Good evening everyone, I am trying to repair a friends laptop that has a blank screen. When you power it on, the power light comes on, and the fan spins for about 5 seconds or so. I also tried putting in a windows cd in the drive in which it will spin for about 20 seconds before stopping. I downloaded a SM and removed harware 1 piece at a time with known good harware. This included, DVD/CD rom, LAN, Ram Memory, Hard Drive and monitor (while having an external hooked up). I also tried leaving the display hooked up and using an external monitor in which when I turned on the external, it went into sleep mode instantly. I called Acer support in which this is no longer under warantee and they told me a few things to try but nothing worked. They also said that it sounds like a harware issue and would cost 2 hundred + shipping to fix. I tried to flash the bios but it appears as if the USB ports are not working. I also went ahead and ordered a used processor for it to see if that would be the problem. 

the program it is running is Windows 7 Home.

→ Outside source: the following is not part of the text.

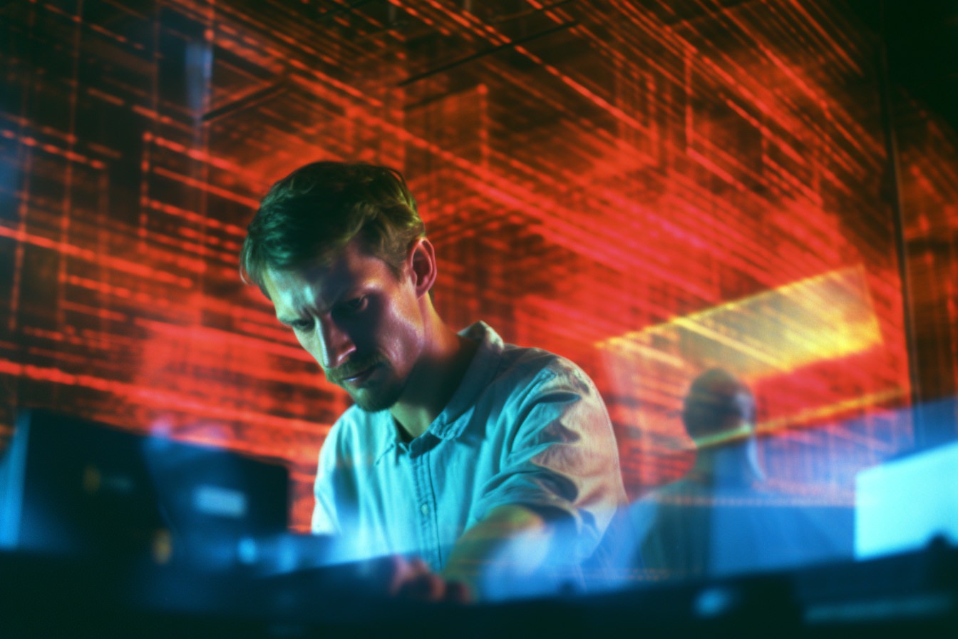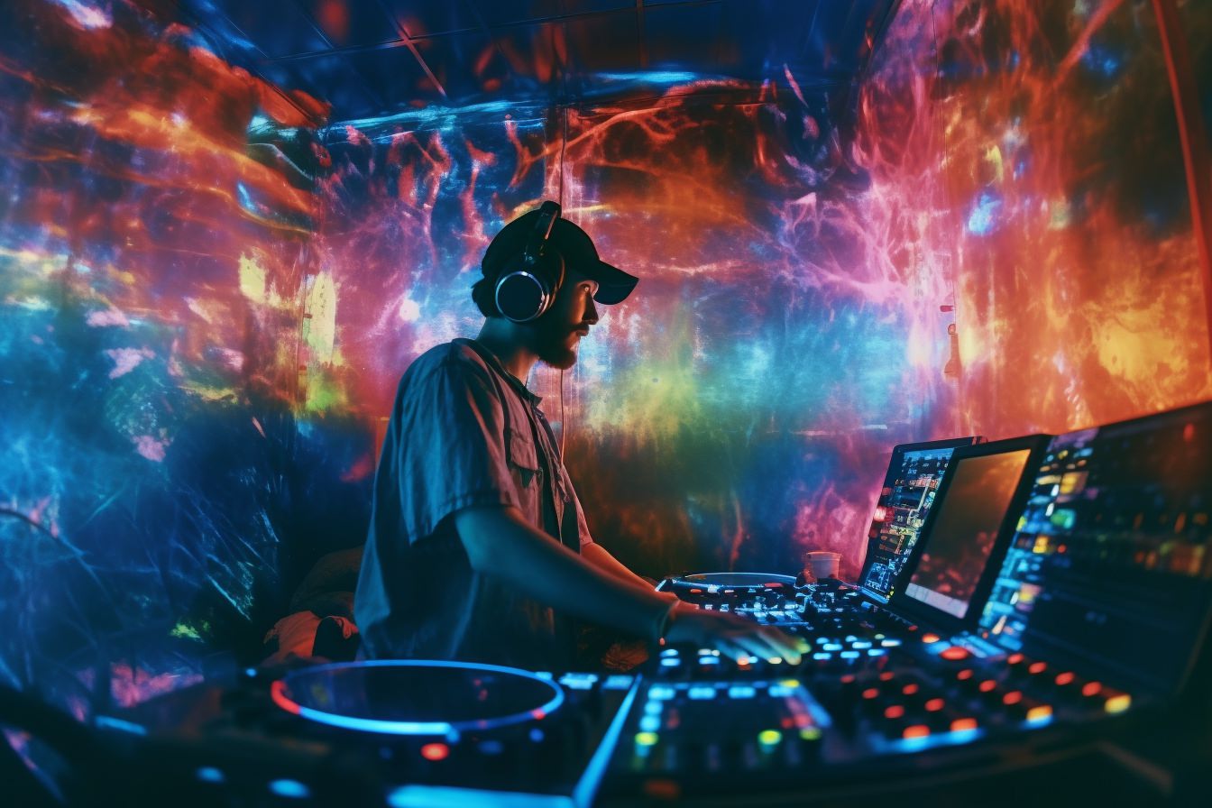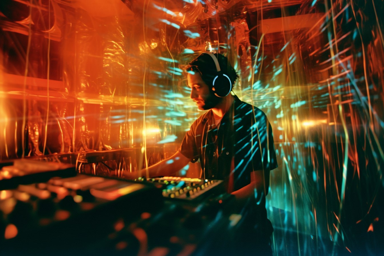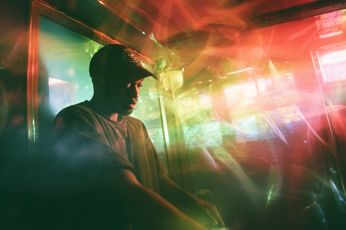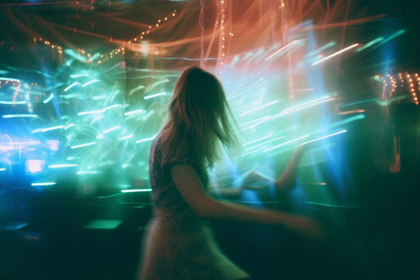 [Grunge/punk band] [singer/drummer/guitarist/Techno DJ] in a small club, color photography, intentional camera movement, flash photography, high speed sync, Contax 645, restrained forms, distorted bodies, grungewave, grindcore, slamdance --ar 3:2 --v 5.1

Any help with this would be great.


----------



## dnpainting (Aug 12, 2011)

Sorry, I didn't see "Laptop Support" 
Moderator, can you please move to laptop support? Thank you!


----------



## dnpainting (Aug 12, 2011)

I just remembered something about when I started troubleshooting this, when I opened up the memory bank door, the RAM closest to the door was dis-engaged, but not hanging out of the bank. I asked the owner if this was dropped and she said not to her knowledge. She said that her dad was using it and was online when all of a sudden, the screen went out and nothing but power light was on. If that helps any.

Thank you


----------



## oscer1 (Jan 27, 2010)

hi dnpainting,

take a run at this thread. http://www.techsupportforum.com/forums/f108/black-screen-issues-and-troubleshooting-498132.html


----------



## dnpainting (Aug 12, 2011)

Thanks Oscer1, I just got finished with doing all of that. Even replaced the CPU. the owners arent going to want to go any further on it. I removed all the hardware 1 by 1, found a CPU (Refurbished) on ebay for cheap and that is not the issue either. 

Going to bed, will have a final look tomorrow. Thanks again

David


----------



## oscer1 (Jan 27, 2010)

your welcome, post back you conclusion.


----------